**What needs to be done**
Exact reproduction is required for the lines below starting at the line with "amateur player understands." and ending at the line with "Este vestido largo", both included. No other lines, and no pictures.

**Dataset records**

============================================================

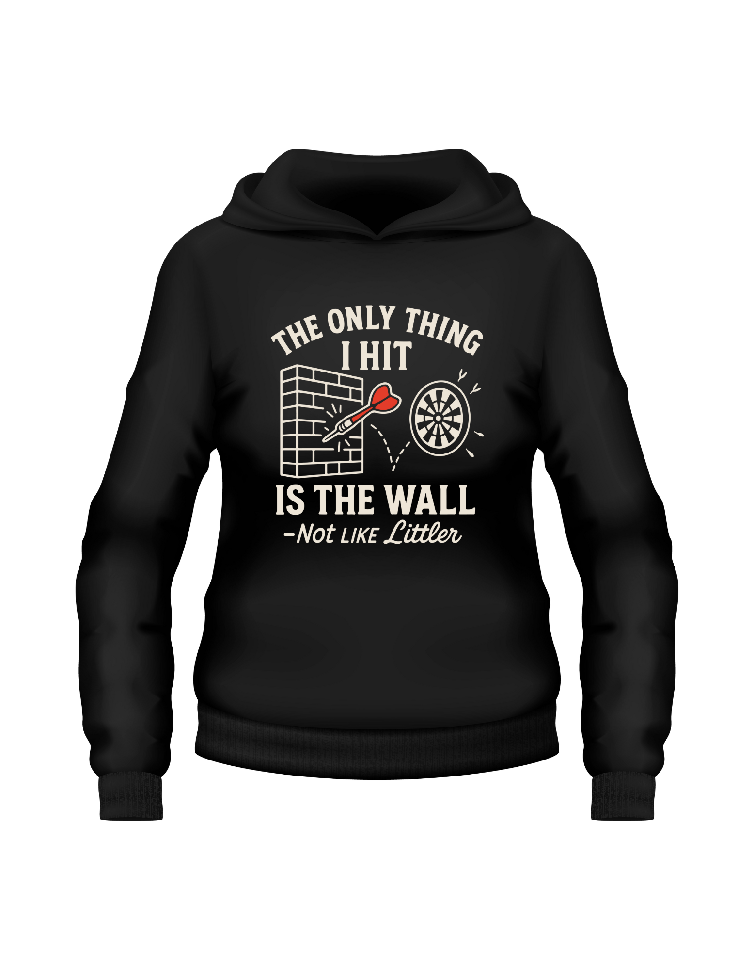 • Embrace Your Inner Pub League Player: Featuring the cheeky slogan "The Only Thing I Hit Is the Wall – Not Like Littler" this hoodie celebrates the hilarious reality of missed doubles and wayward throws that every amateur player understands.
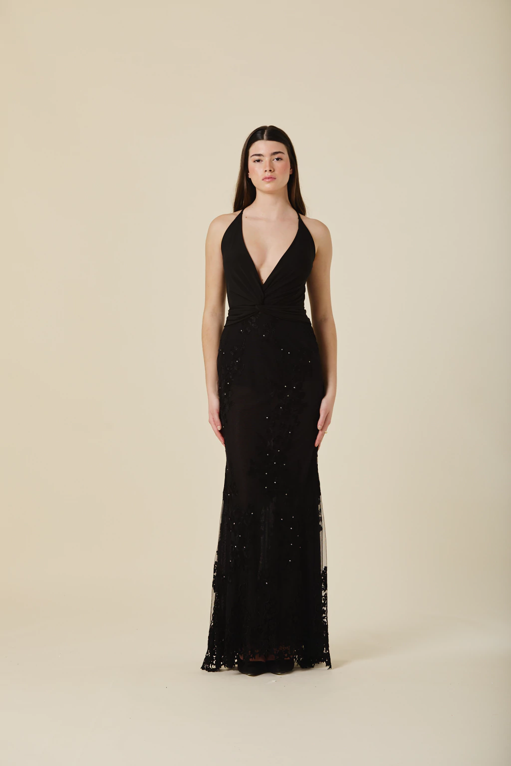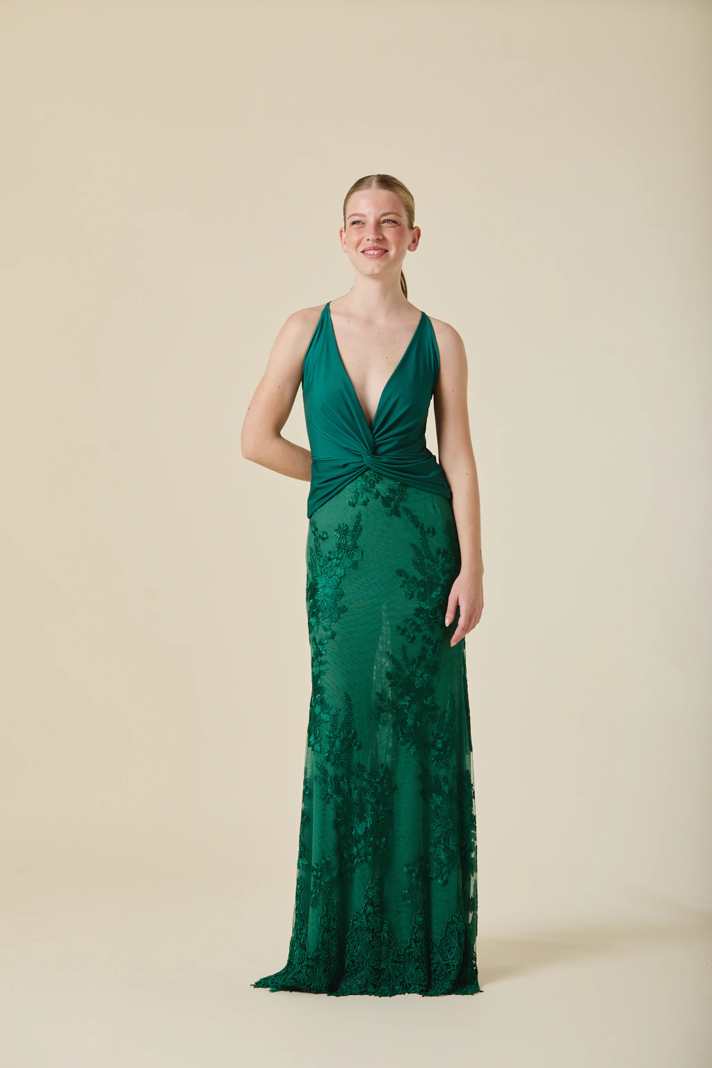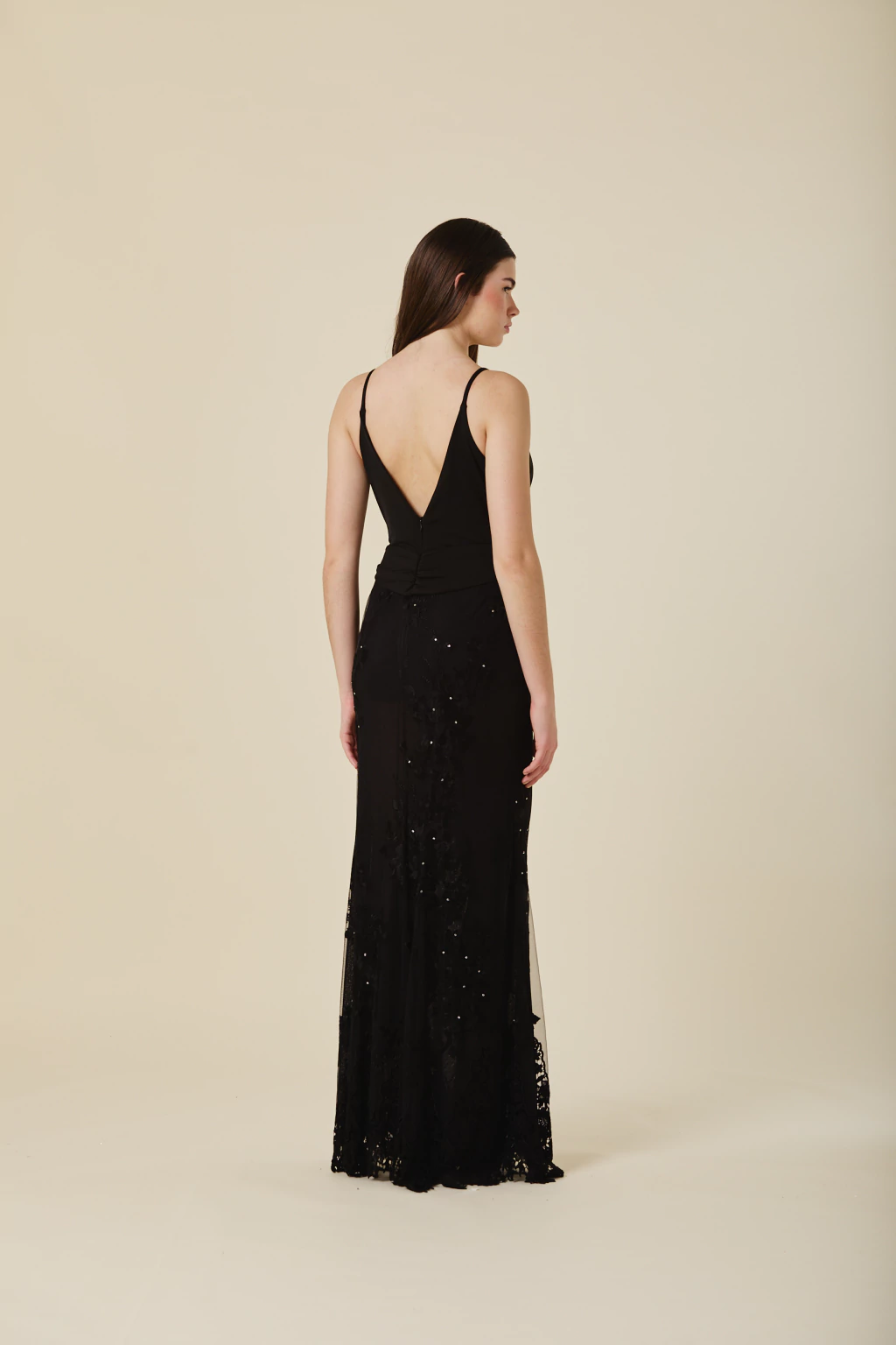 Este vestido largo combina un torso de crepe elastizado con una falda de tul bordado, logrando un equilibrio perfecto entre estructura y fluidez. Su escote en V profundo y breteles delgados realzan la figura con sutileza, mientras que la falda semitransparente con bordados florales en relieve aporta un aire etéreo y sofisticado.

============================================================

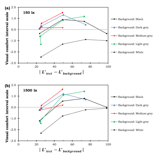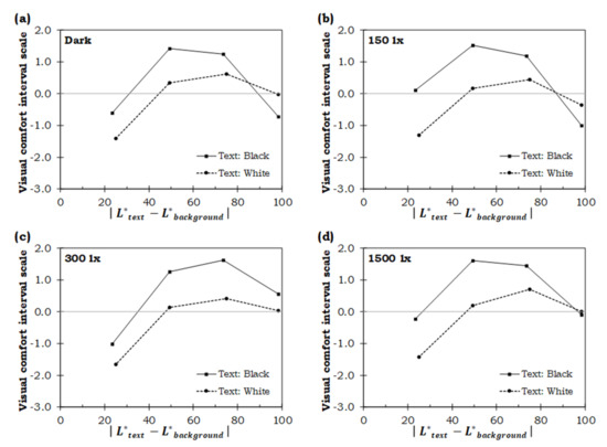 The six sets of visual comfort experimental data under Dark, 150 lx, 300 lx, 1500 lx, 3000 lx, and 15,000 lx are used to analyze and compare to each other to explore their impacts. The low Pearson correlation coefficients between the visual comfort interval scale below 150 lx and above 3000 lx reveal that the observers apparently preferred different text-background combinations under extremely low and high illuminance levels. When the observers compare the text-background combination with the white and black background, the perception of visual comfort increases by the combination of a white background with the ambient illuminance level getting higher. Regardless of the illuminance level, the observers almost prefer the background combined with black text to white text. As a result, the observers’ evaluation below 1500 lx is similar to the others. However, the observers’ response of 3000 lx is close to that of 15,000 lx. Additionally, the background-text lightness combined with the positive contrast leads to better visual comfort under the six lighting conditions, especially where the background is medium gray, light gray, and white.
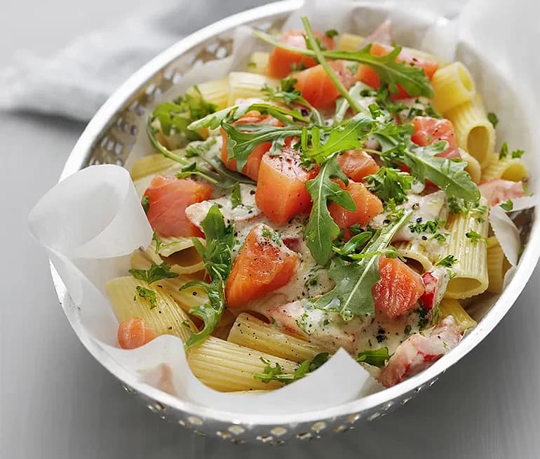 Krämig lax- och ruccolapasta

============================================================

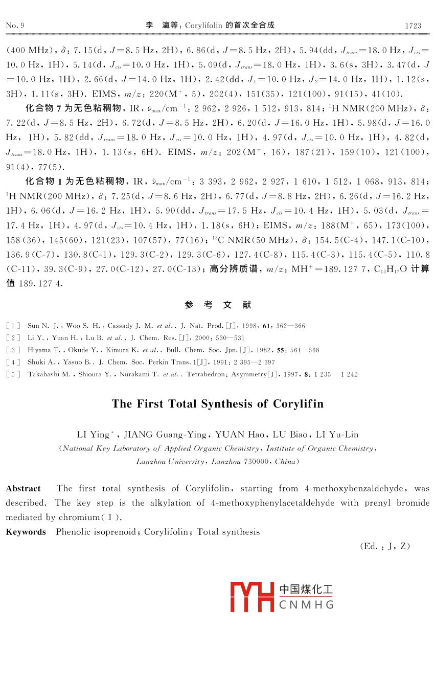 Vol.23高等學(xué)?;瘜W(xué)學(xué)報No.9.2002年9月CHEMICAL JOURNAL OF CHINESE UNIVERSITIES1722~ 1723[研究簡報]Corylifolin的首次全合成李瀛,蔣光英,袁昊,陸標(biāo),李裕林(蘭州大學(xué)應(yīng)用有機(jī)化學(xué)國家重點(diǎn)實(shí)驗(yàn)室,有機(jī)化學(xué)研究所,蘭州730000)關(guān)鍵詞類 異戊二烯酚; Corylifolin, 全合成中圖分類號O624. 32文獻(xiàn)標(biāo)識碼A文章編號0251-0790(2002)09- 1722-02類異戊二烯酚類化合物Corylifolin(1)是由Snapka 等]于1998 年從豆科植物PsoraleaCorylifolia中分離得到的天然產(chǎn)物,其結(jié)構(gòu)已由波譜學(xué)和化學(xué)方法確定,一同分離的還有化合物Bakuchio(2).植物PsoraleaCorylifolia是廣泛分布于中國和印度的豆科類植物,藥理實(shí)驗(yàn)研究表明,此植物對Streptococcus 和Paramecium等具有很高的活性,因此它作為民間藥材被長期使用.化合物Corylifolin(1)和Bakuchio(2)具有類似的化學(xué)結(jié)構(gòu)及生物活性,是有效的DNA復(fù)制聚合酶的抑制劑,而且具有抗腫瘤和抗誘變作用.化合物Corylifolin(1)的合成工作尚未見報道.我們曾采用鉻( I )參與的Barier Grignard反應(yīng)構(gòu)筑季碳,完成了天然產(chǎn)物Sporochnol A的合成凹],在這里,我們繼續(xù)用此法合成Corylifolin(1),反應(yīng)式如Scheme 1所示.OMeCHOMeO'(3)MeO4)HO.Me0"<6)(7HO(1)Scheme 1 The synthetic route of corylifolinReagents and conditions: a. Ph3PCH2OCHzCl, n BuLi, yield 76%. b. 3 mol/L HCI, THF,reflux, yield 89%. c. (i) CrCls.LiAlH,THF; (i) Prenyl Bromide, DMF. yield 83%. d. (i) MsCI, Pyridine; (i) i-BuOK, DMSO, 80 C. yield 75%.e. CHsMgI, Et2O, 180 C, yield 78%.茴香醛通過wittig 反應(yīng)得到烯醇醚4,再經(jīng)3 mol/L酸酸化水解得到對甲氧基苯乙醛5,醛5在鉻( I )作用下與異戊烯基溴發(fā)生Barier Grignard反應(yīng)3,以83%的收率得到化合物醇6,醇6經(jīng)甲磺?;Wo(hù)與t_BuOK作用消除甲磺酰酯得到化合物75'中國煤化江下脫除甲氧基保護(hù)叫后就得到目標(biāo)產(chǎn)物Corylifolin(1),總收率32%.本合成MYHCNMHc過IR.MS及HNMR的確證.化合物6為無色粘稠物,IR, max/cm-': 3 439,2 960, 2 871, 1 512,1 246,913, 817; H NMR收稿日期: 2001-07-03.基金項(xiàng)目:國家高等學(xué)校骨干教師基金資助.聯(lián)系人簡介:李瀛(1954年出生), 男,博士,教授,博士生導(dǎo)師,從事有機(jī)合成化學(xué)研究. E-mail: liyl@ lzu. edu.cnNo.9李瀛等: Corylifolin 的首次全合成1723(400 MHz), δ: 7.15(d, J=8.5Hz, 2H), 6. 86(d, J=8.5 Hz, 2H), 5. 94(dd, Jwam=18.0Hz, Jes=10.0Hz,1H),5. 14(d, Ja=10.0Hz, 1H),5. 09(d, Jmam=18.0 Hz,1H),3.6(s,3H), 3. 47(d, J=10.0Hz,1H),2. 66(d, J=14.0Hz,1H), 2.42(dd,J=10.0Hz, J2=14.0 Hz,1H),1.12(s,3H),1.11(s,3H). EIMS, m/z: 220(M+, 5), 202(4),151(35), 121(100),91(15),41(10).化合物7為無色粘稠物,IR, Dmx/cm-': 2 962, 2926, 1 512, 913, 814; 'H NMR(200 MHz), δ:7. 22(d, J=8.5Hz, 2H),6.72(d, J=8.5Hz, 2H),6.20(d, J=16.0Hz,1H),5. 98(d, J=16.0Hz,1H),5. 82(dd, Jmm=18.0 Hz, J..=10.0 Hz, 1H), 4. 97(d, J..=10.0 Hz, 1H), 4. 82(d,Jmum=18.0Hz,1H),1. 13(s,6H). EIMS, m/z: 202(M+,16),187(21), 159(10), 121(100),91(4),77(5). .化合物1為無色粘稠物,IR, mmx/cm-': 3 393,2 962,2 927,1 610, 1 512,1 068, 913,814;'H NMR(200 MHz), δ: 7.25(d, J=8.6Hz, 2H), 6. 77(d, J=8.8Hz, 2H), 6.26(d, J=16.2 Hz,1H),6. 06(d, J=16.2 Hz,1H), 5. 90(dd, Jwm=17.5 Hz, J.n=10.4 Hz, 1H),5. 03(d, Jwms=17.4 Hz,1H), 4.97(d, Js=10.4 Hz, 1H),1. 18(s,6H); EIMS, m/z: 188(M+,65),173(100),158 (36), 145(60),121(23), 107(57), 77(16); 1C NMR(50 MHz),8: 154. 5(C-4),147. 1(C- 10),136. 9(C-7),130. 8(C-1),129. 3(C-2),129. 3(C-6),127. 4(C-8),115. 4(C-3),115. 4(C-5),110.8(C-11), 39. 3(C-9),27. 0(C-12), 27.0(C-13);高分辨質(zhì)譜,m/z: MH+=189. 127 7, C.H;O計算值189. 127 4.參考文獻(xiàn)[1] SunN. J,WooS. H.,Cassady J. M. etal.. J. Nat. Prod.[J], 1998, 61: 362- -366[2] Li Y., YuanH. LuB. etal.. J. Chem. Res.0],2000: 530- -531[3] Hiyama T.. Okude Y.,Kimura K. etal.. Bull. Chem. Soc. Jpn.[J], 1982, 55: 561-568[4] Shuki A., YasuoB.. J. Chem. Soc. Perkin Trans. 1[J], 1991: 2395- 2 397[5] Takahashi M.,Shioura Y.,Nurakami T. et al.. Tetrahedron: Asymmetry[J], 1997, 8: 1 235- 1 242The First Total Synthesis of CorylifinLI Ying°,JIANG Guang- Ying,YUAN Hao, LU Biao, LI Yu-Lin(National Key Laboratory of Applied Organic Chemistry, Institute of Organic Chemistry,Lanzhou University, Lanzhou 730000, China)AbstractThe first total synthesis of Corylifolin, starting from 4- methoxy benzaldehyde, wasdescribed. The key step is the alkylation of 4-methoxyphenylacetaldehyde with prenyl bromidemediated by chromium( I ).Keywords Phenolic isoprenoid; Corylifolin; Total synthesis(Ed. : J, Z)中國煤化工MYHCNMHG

============================================================

**Answer space**
 • Embrace Your Inner Pub League Player: Featuring the cheeky slogan "The Only Thing I Hit Is the Wall – Not Like Littler" this hoodie celebrates the hilarious reality of missed doubles and wayward throws that every amateur player understands.
 Este vestido largo combina un torso de crepe elastizado con una falda de tul bordado, logrando un equilibrio perfecto entre estructura y fluidez. Su escote en V profundo y breteles delgados realzan la figura con sutileza, mientras que la falda semitransparente con bordados florales en relieve aporta un aire etéreo y sofisticado.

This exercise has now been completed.